Thu, Mar 5, 2015 → Sun, Mar 8, 2015
For information: http://www.moving-image.info/new-york/
Moving Image will take place March 5-8, 2015. Located in the Waterfront Tunnel event space between 27th and 28th Streets with an entrance on 11th Avenue in Chelsea. Moving Image will be free to the public and open Thursday – Saturday, March 5-7, 11–8 PM and on Sunday, March 8, 11-4 PM. An opening reception will take place Thursday, March 5, 6–8 PM.
Moving Image was conceived to offer a viewing experience with the excitement and vitality of a fair, while allowing moving image-based artworks to be understood and appreciated on their own terms. Participation is by invitation only. The newly formed Moving Image Curatorial Advisory Committee for New York 2014 is inviting a selection of international commercial galleries and non-profit institutions to present single-channel videos, single-channel projections, video sculptures, and other larger video installations.

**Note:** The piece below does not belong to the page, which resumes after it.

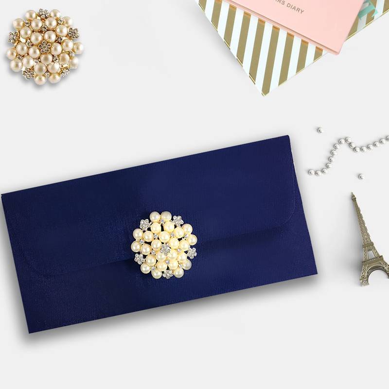 Luxury wedding envelope made from cardboard covered with fine silk fabric, embellished with a pearl brooch and magnetic lock. Interior lined with silk for an elegant look. Perfect for weddings, events, baby showers, and party invitations. Available in various colors and customization options.

Waterfront New York Tunnel
269 11th Avenue
Between 27th and 28th Streets
New York, NY 10001
JOEY FAUERSO
Guadalupe – After Images, 2014
single-channel video, 59 min
edition of 3 +2AP
A central theme of Guadalupe – After Images is movement: moving through something, away from something, out and into something new, transcending a certain set of physical and narrative conditions towards something more abstract and intuitive. The piece reflects an evolving understanding of the nature of painting–what a painting can be, and the ways a painting can be made.
Fauerso initiated the project with an exploration of a regional landscape. Many of her paintings and videos begin with extensive documentation of an experience or performance through video and photography. In this case she chose to use video footage taken from a boat ride on the Guadalupe River. At a certain point the boat moved through the trees, the perspective changed, and the image abstracted. What interested her was the physicality of the sequence, and a sense of one space opening onto another.
From this footage she created a series of 198 paintings. In Repetition and Difference, Gilles Deleuze wrote that “repetition is best understood in terms of discovery and experimentation; it allows new experiences, affects, and expressions to emerge. To repeat is to begin again; to affirm the power of the new and the unforeseeable.” Making the 198 paintings enabled Fauerso to further immerse herself into the original experience, and to create a structured space for descriptive innovation.
The original paintings were then photographed and reprinted a total of four times. With each round of documentation and printing, the images became more abstract, symbolic, in a sense more painterly. This was largely due to the ways in which the printer’s ink levels affected the image. This element of chance and mechanical gesture became an important part of the language of the piece. She began to realize that the project was really about creating the conditions for the painting to be generated. Much of the ‘painting’ occurred through this subtractive mechanical process, whereby it became as much about finding the image as making the image.
Brian Eno stated that “with a generative piece you set a machine going and it makes itself, and you as the composer are also the listener. The act of listening is the act of composing.” While the first part of the project involved a labor intensive and largely traditional approach to making a painting, the process quickly moved towards a generative approach to image making that was mostly independent of the hand.